■ Exercise:
Your copy should match the listing word for word, apart from the pictures, which are left out.

■ Data section:
----------

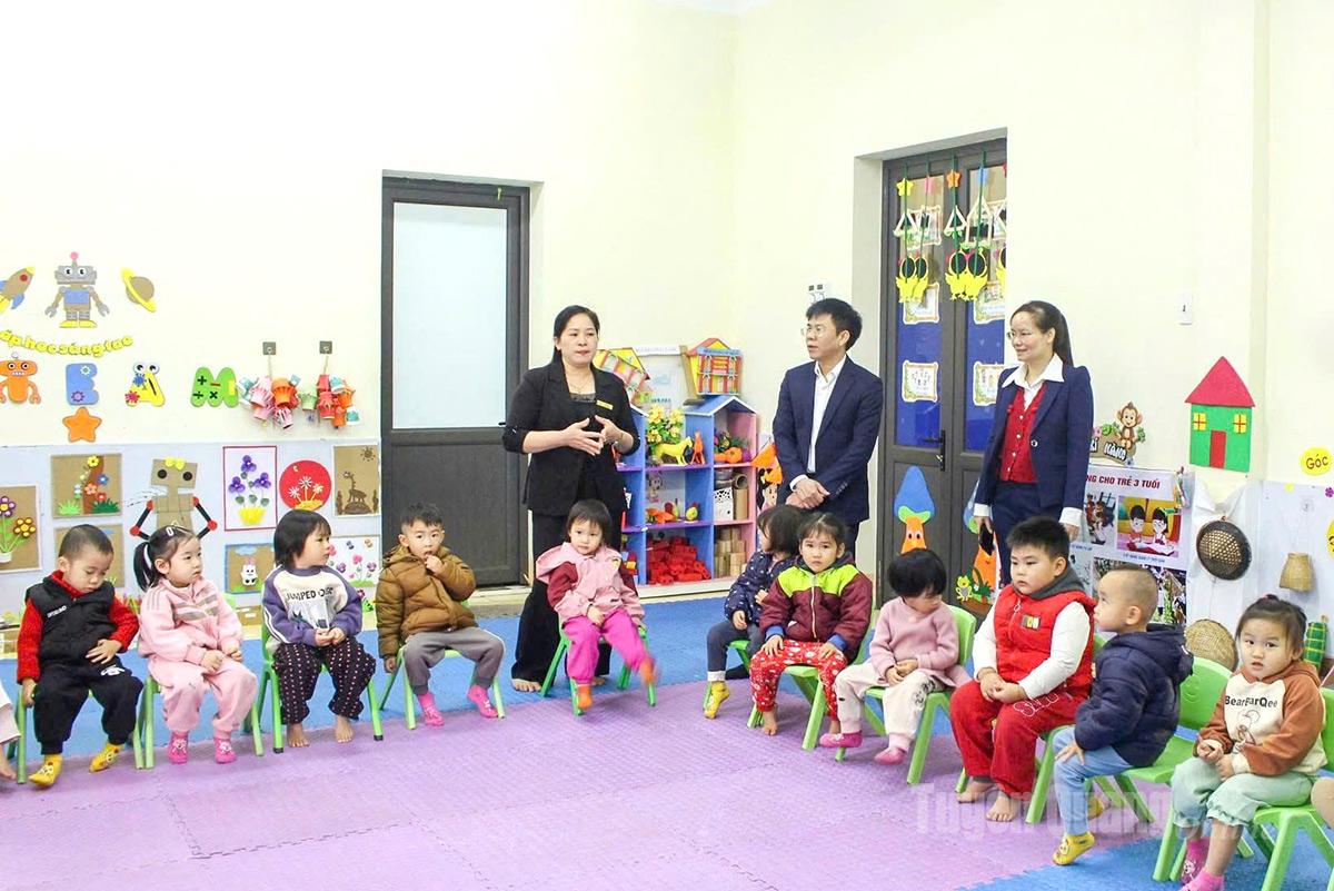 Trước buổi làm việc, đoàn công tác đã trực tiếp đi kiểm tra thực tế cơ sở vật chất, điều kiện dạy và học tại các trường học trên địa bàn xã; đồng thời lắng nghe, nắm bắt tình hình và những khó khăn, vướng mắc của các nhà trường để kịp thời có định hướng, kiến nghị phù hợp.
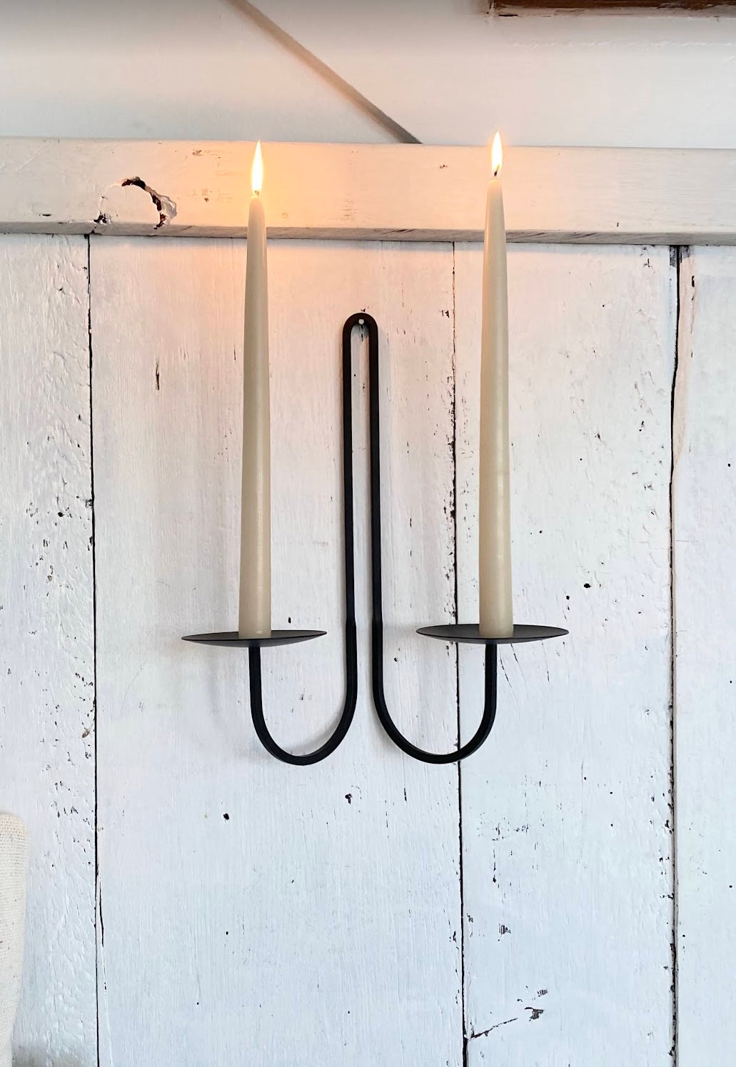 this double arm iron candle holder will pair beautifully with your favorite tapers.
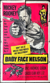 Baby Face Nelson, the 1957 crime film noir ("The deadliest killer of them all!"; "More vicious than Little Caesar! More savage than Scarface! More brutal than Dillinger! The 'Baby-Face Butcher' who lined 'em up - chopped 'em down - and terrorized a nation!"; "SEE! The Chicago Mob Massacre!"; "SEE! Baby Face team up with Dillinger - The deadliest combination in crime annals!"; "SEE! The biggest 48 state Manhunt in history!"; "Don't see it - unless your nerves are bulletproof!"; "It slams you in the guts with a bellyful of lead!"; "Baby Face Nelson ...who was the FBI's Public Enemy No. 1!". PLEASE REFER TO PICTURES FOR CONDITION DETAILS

----------

■ Task answer:
 Trước buổi làm việc, đoàn công tác đã trực tiếp đi kiểm tra thực tế cơ sở vật chất, điều kiện dạy và học tại các trường học trên địa bàn xã; đồng thời lắng nghe, nắm bắt tình hình và những khó khăn, vướng mắc của các nhà trường để kịp thời có định hướng, kiến nghị phù hợp.
 this double arm iron candle holder will pair beautifully with your favorite tapers.
 Baby Face Nelson, the 1957 crime film noir ("The deadliest killer of them all!"; "More vicious than Little Caesar! More savage than Scarface! More brutal than Dillinger! The 'Baby-Face Butcher' who lined 'em up - chopped 'em down - and terrorized a nation!"; "SEE! The Chicago Mob Massacre!"; "SEE! Baby Face team up with Dillinger - The deadliest combination in crime annals!"; "SEE! The biggest 48 state Manhunt in history!"; "Don't see it - unless your nerves are bulletproof!"; "It slams you in the guts with a bellyful of lead!"; "Baby Face Nelson ...who was the FBI's Public Enemy No. 1!". PLEASE REFER TO PICTURES FOR CONDITION DETAILS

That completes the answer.